**WHAT YOU HAVE TO DO**: The listing below has to be output exactly as given, less its pictures.

== PROVIDED RECORDS

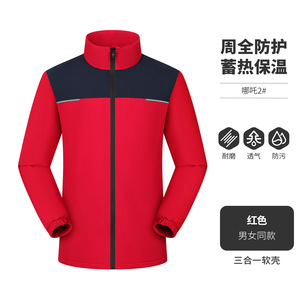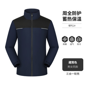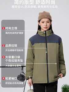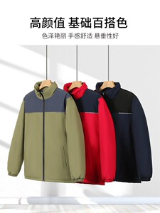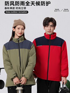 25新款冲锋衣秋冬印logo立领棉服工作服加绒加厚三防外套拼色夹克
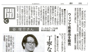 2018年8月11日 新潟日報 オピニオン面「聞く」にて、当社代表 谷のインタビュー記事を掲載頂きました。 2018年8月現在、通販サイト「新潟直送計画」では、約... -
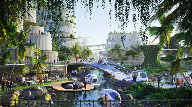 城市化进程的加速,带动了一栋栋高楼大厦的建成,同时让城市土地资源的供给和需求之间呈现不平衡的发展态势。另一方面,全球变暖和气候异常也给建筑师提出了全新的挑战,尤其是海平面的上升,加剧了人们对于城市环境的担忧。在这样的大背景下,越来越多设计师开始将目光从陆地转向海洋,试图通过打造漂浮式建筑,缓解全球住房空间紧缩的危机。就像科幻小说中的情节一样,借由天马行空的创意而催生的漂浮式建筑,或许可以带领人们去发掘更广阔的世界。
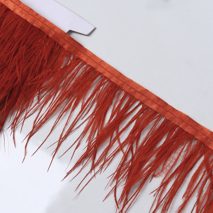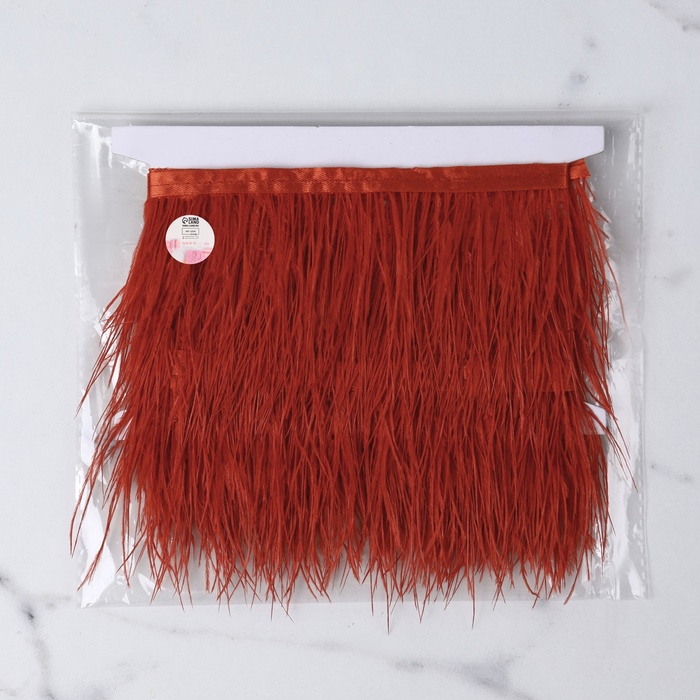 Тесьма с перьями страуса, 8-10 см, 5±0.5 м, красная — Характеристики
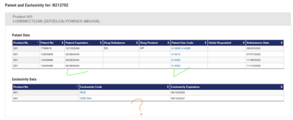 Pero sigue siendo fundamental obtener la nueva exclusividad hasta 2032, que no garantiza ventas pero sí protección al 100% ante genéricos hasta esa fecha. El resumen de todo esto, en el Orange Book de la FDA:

====

**RESULT BELOW**:
 25新款冲锋衣秋冬印logo立领棉服工作服加绒加厚三防外套拼色夹克
 2018年8月11日 新潟日報 オピニオン面「聞く」にて、当社代表 谷のインタビュー記事を掲載頂きました。 2018年8月現在、通販サイト「新潟直送計画」では、約... -
 城市化进程的加速,带动了一栋栋高楼大厦的建成,同时让城市土地资源的供给和需求之间呈现不平衡的发展态势。另一方面,全球变暖和气候异常也给建筑师提出了全新的挑战,尤其是海平面的上升,加剧了人们对于城市环境的担忧。在这样的大背景下,越来越多设计师开始将目光从陆地转向海洋,试图通过打造漂浮式建筑,缓解全球住房空间紧缩的危机。就像科幻小说中的情节一样,借由天马行空的创意而催生的漂浮式建筑,或许可以带领人们去发掘更广阔的世界。
 Тесьма с перьями страуса, 8-10 см, 5±0.5 м, красная — Характеристики
 Pero sigue siendo fundamental obtener la nueva exclusividad hasta 2032, que no garantiza ventas pero sí protección al 100% ante genéricos hasta esa fecha. El resumen de todo esto, en el Orange Book de la FDA:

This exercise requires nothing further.